Exercise instructions:
The listing below begins with the first line you should copy; stop after the line containing "In Tha Mai bilden", and drop every picture.

•••••

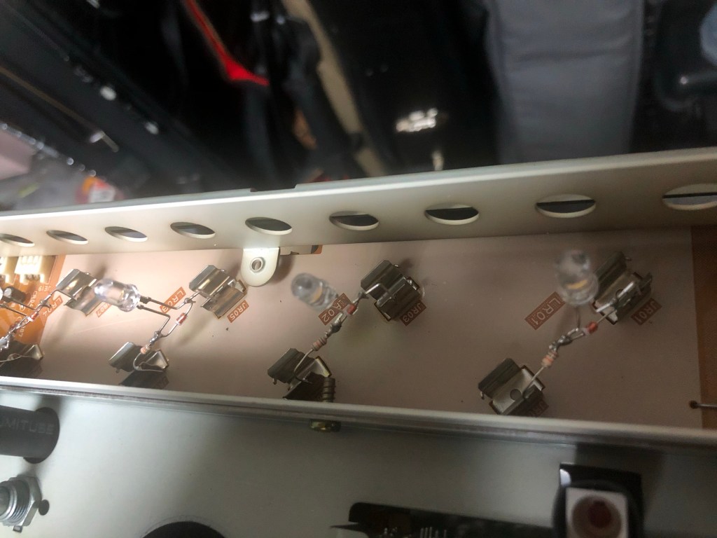 Boseのアンプのレストア 投稿者:Hidehiro Tsubakihara2021年4月8日カテゴリー:未分類 Boseのアンプを預かった ランプがつかないのでBOSEの文字が浮かびあがらないし、動作してるかわからない… 電球色のLEDをこの様に加工する。電球の電源はAC12Vぐらいだったので、逆電圧用のダイオードをつけておく 電流制御用の抵抗をつけ、もとのフューズ型電球のソケットに半田付けする。 ちゃんと光る。ちょっと暗めの方が電球らしい。 BOSEの文字のライトアップ。これで動作しているかよく分かる。 共有: X で共有 (新しいウィンドウで開きます) X Facebook で共有 (新しいウィンドウで開きます) Facebook いいね 読み込み中… 関連
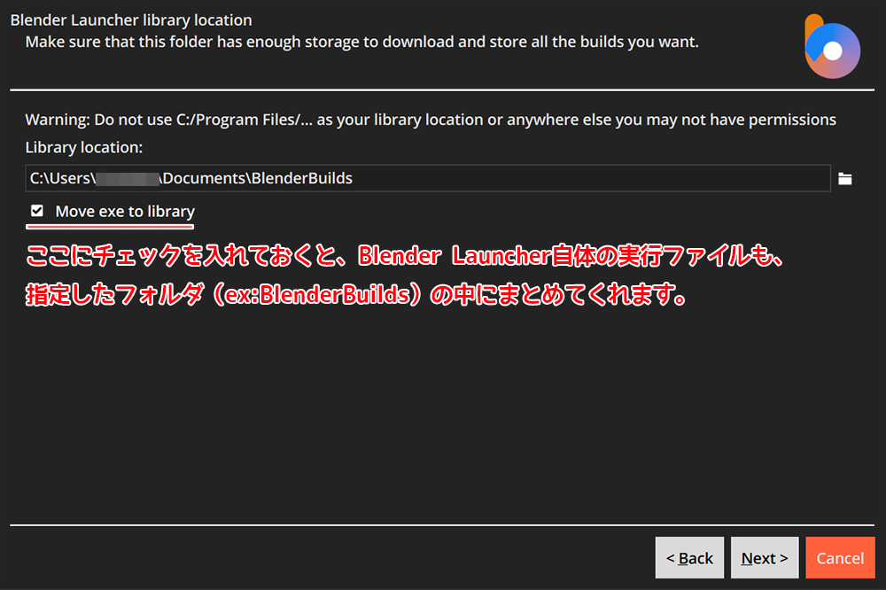 Blenderのビルドを保存する場所を選択してください - どのフォルダに収納するのか聞かれるので選択します。
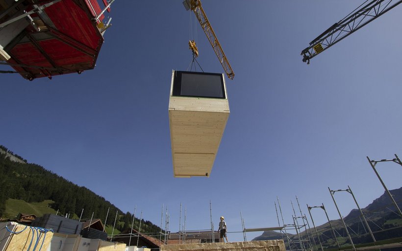 Im Hotelbau ist diese innovative Bauweise bisher noch wenig verbreitet. Mit dem Hotelkonzept setzt die Bauherrin, die Fortimo AG aus St. Gallen, neue Massstäbe und realisiert in Adelboden das zweite Modulhotel nach der Revier Mountain Lodge in der Lenzerheide. Die Zimmereinheiten wurden in lokalen Holzbauunternehmen produziert.
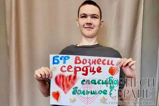 Эти новости очень порадовали молодого человека, и в ответном письме он прислал трогательный плакат-благодарность для Фонда и каждого Благодетеля, который откликнулся и помог.
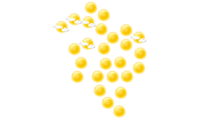 In Tha Mai bilden sich morgens vereinzelt Wolken und die Temperatur liegt bei 23°C. Im weiteren Verlauf des Tages ist es mittags und auch abends sonnig und die Temperaturen liegen zwischen 25 und 33 Grad. In der Nacht gibt es einen wolkenlosen Himmel bei Werten von 23°C.
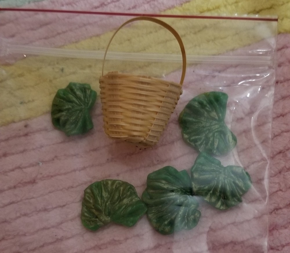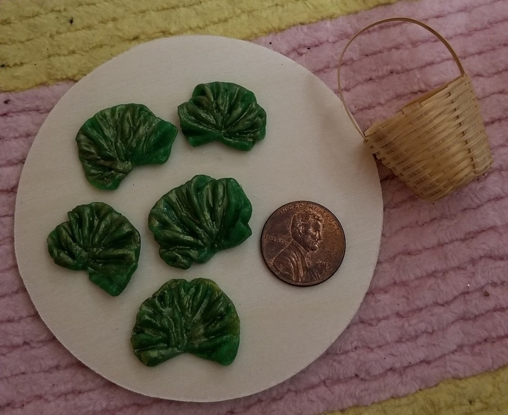 You are bidding on a cute, sweet 1:6 size miniature wicker Basket filled with 5 yummy, assorted size, loose Lettuces, exactly as shown! (Please note: the bunny doll, table & other items are not included & are used for your scale example only ;) This item is new, & handmade by me from clay & painted; excellent quality & made to be sturdy and durable for any doll house, bakery, farmers market / kitchen, or similar room box / diorama type display purposes! :) We will always happily combine shipping on multiple wins or purchases on items ending within the same week to help save you $$. Otherwise, we generally ship same or next day. Thanks so much for stopping by to check out all our auctions! Happy Bidding! :)
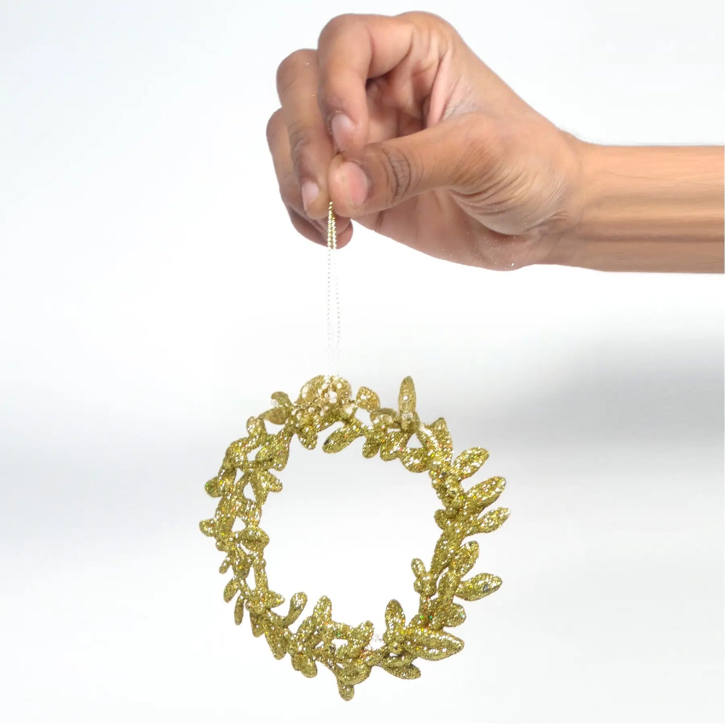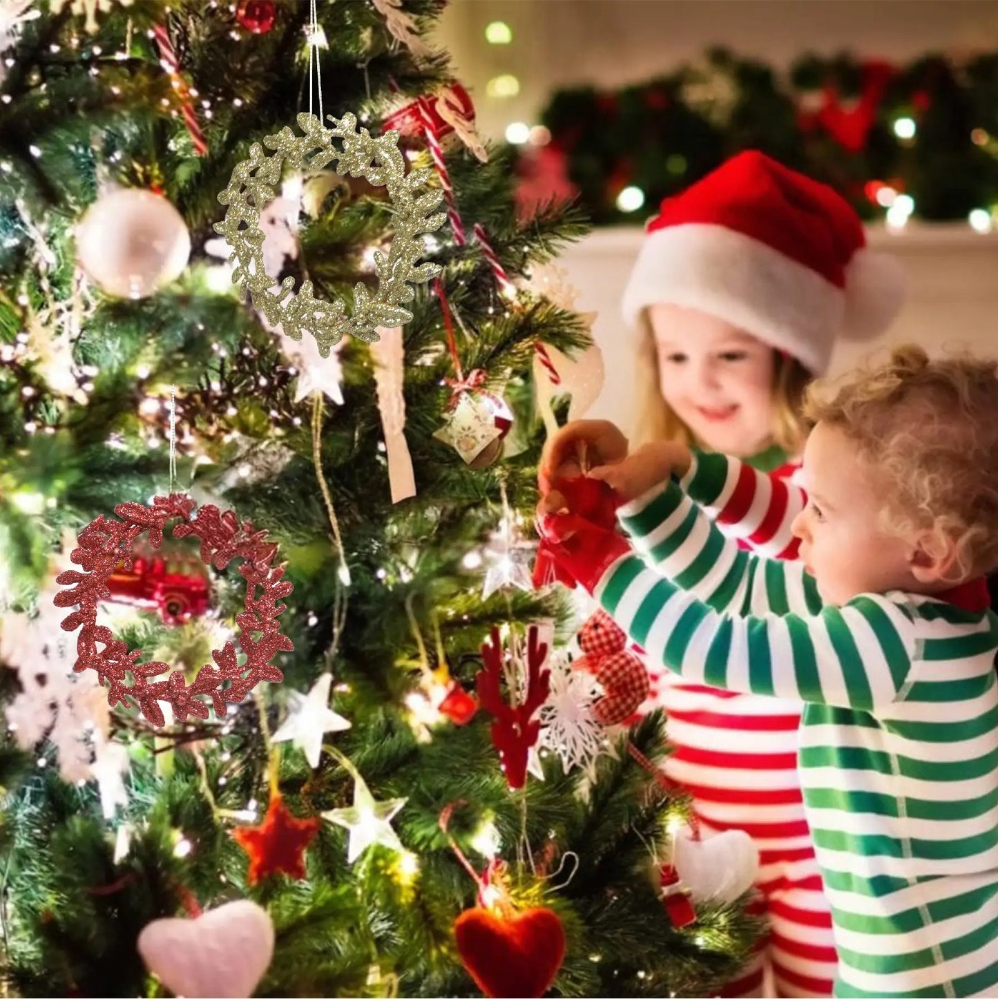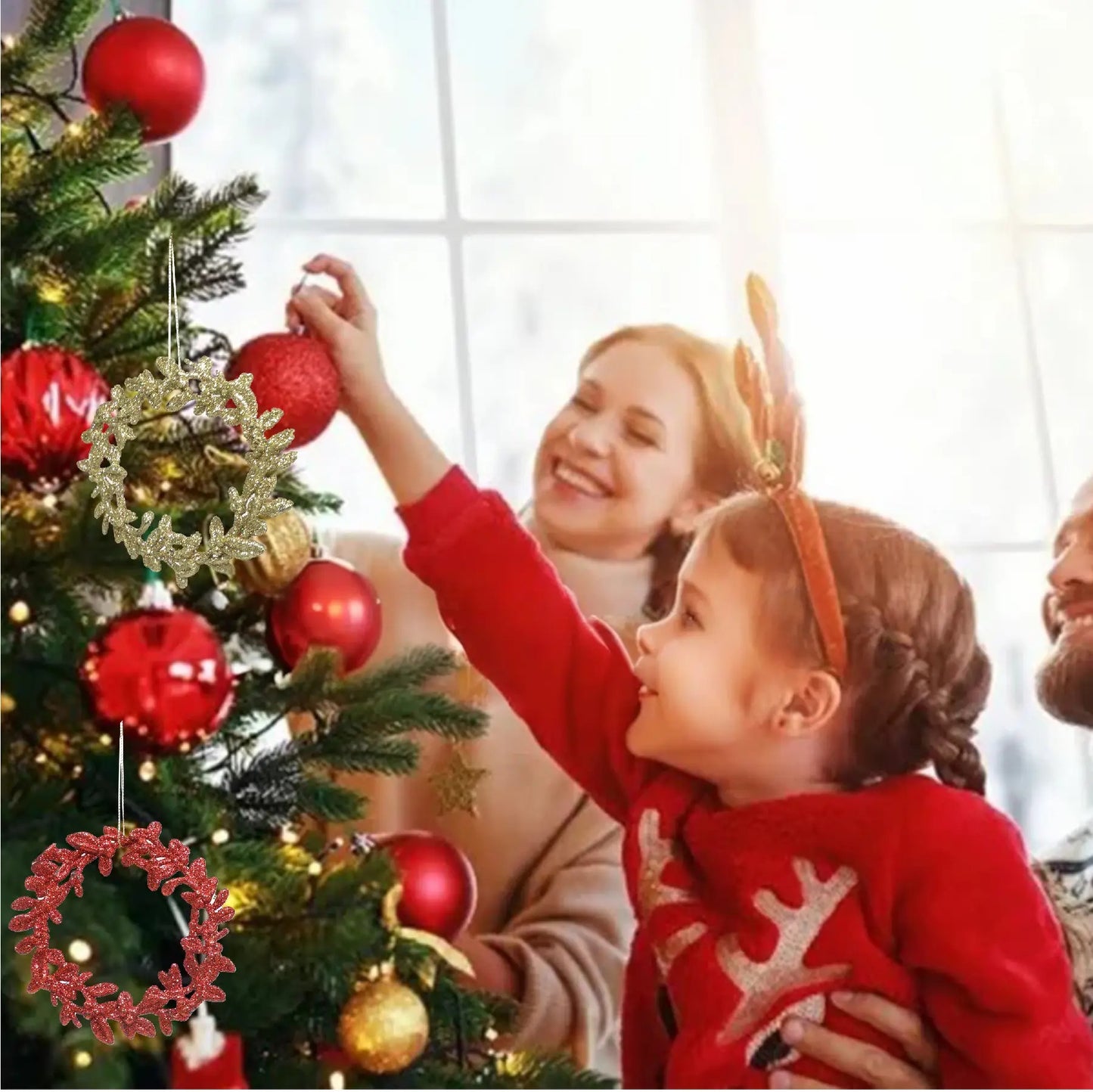 DESIGN: These Christmas wreath tree hangings have 2 different glitter colors golden & red. Lightweight and shatterproof, they are safe for children to handle.

•••••

Completed exercise:
 Boseのアンプのレストア 投稿者:Hidehiro Tsubakihara2021年4月8日カテゴリー:未分類 Boseのアンプを預かった ランプがつかないのでBOSEの文字が浮かびあがらないし、動作してるかわからない… 電球色のLEDをこの様に加工する。電球の電源はAC12Vぐらいだったので、逆電圧用のダイオードをつけておく 電流制御用の抵抗をつけ、もとのフューズ型電球のソケットに半田付けする。 ちゃんと光る。ちょっと暗めの方が電球らしい。 BOSEの文字のライトアップ。これで動作しているかよく分かる。 共有: X で共有 (新しいウィンドウで開きます) X Facebook で共有 (新しいウィンドウで開きます) Facebook いいね 読み込み中… 関連
 Blenderのビルドを保存する場所を選択してください - どのフォルダに収納するのか聞かれるので選択します。
 Im Hotelbau ist diese innovative Bauweise bisher noch wenig verbreitet. Mit dem Hotelkonzept setzt die Bauherrin, die Fortimo AG aus St. Gallen, neue Massstäbe und realisiert in Adelboden das zweite Modulhotel nach der Revier Mountain Lodge in der Lenzerheide. Die Zimmereinheiten wurden in lokalen Holzbauunternehmen produziert.
 Эти новости очень порадовали молодого человека, и в ответном письме он прислал трогательный плакат-благодарность для Фонда и каждого Благодетеля, который откликнулся и помог.
 In Tha Mai bilden sich morgens vereinzelt Wolken und die Temperatur liegt bei 23°C. Im weiteren Verlauf des Tages ist es mittags und auch abends sonnig und die Temperaturen liegen zwischen 25 und 33 Grad. In der Nacht gibt es einen wolkenlosen Himmel bei Werten von 23°C.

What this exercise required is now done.